Sicuramente questi canti, chiamiamoli così, scritti in questa pagina avrebbero trovato le porte chiuse a Sanremo e anche all’ “Ugoletta d’oro”, stonata manifestazione canora che qualche decina di anni fa si svolgeva nei mesi estivi a Città di Castello, in Piazza di sopra. Aperte, invece, erano le porte a questi versi fatti in casa a uso e consumo del nostro dialetto, parlato da “Coldipozzo al roscio del Biccio”, in quel di Cerbara. Si cantavano, questi versi, perlopiù accompagnati da un organetto, tanti tanti anni fa, nelle lunghe veglie invernali accanto al fuoco, complice quel vinello che dal primo bicchiere fa “stremolire” e dal terzo cantare. Si cantava nei campi dove si zappava la terra, si mieteva il grano, si vendemmiava l’uva. Si cantava all’amore appena nato e a quello che stava morendo.

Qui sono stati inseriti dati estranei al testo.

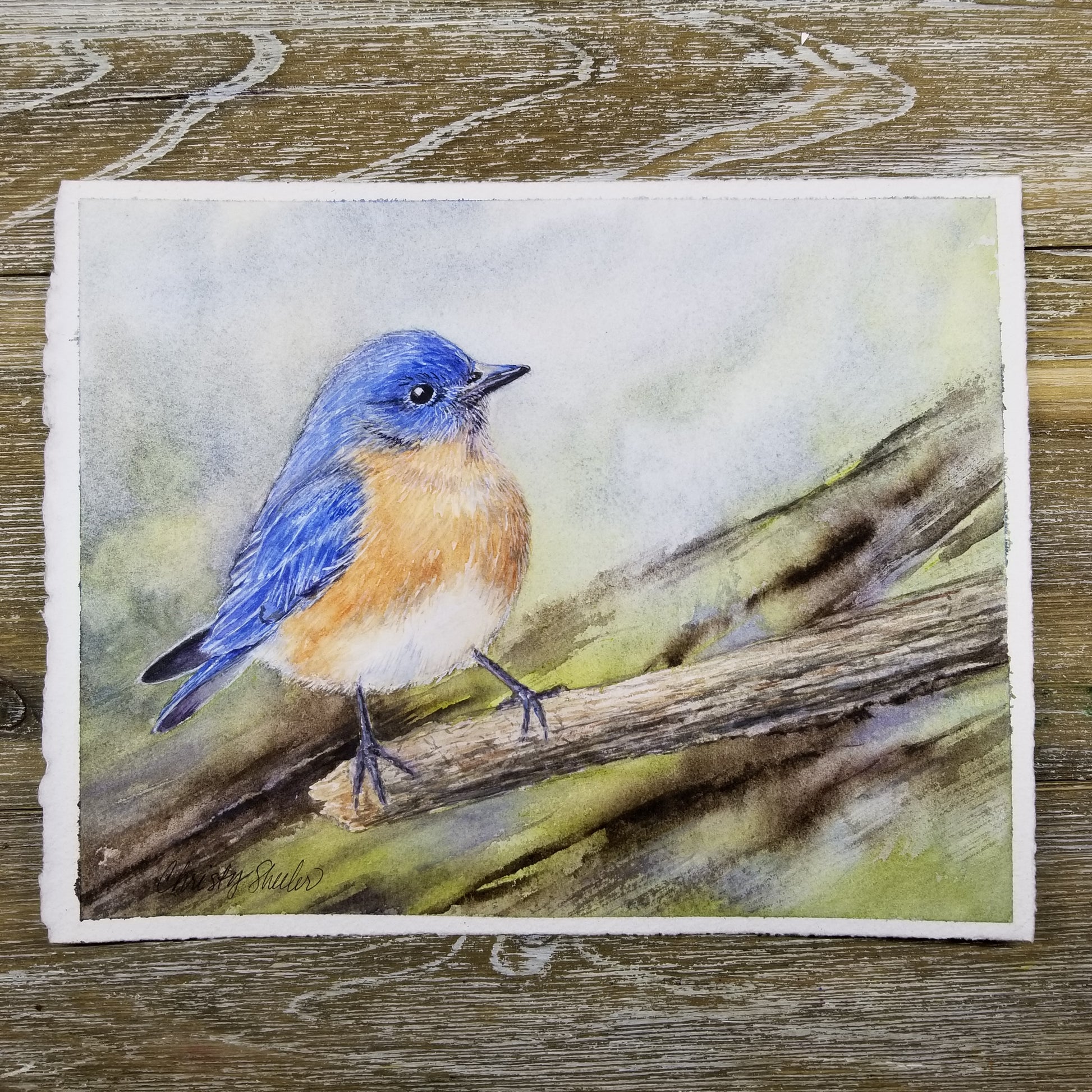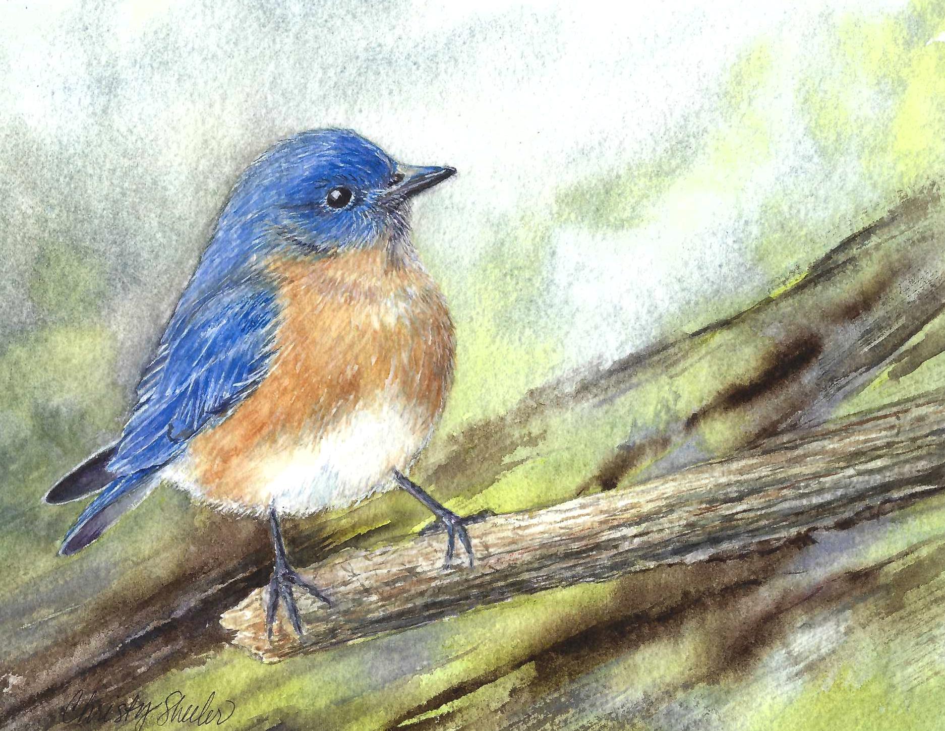 In the midst of a stressful and chaotic day, this bluebird brings inspiration to carry on with a resilient spirit. In the process of painting this piece, the background was a bold decision. Even while a quiet voice in my head spoke of doubt, I painted blue, lavender, green and brown onto the paper. Strokes of courage and strength. This little bluebird is taking a firm stance and unabashedly resilient.

Si canta quello che altrimenti sarebbe difficile dire in una prosa, parole pensate che per timidezza, pudore o altro, mai si direbbero senza il canto, che toglie inibizioni, rinfranca, dà coraggio come quel vinello… Sono canti purtroppo persi nella loro interezza, che davano sfogo alle pene d’amore, alle gioie, agli addii. Sono canti di vita vissuta, di quotidianità tramandata da giù nel tempo, di generazione in generazione. Frammenti che solo il canto accompagnato da un organetto è riuscito a non disperdere del tutto, un piccolissimo spiraglio che aiuta a capire come eravamo. Eccolo. La giovane ragazza vuole lasciare la campagna per venire a Castello a fare la serva. Il suo ragazzo non è d’accordo, cosa fa? Si affida al canto. «Me è steto dètto / che tò vù partì / senza licenza mia tò n’partirè / tutte le strède te vo’ fè bandì / tutte le porte te vo’ fè serrè / vo’ fè serrè quelle de Castello / che non posa passè sto viso belo». Lei lo lascia cantare, ma ormai ha deciso, a lui non resta che rivolgersi al sole cantando: «Sole che tramonti verso sera / varca quel pogio, saluta quel fiore / digni che se ricordi del mi amore». Tutto sommato l’ha presa bene. In quest’altro caso è la ragazza che viene "piantata", il suo ragazzo la sera non va più a veglia da lei; questo non le va giù e cerca di riconquistarlo: «Quando venii a veja a chèsa mia / eri del color del sole / adeso che a chèsa mia ‘nvenghi piò / è perso la cera e ’l colore / arvienci a chèsa mia a fè l’amore». Si cantava anche di rabbia. Mettetevi nei panni di questo ragazzo che lei vuole lasciare perché ha un altro. Lui fa di tutto per non lasciarla, ma lei, dura, neanche pensa di tornare con lui. E lui cosa fa? Come quello di prima si era rivolto al sole, lui si rivolge al diavolo che, come si sa, si nasconde nei particolari. «Diavolo de l’inferno / fate frète e confessore de la ragazza mia / dille se ci vole arfè la pèce / se ‘n ci la vole arfè portala via / portala sul profondo de l’inferno / tienla melagiò per l’eterno / facila morì da la passione / come ha fato a me senza ragione».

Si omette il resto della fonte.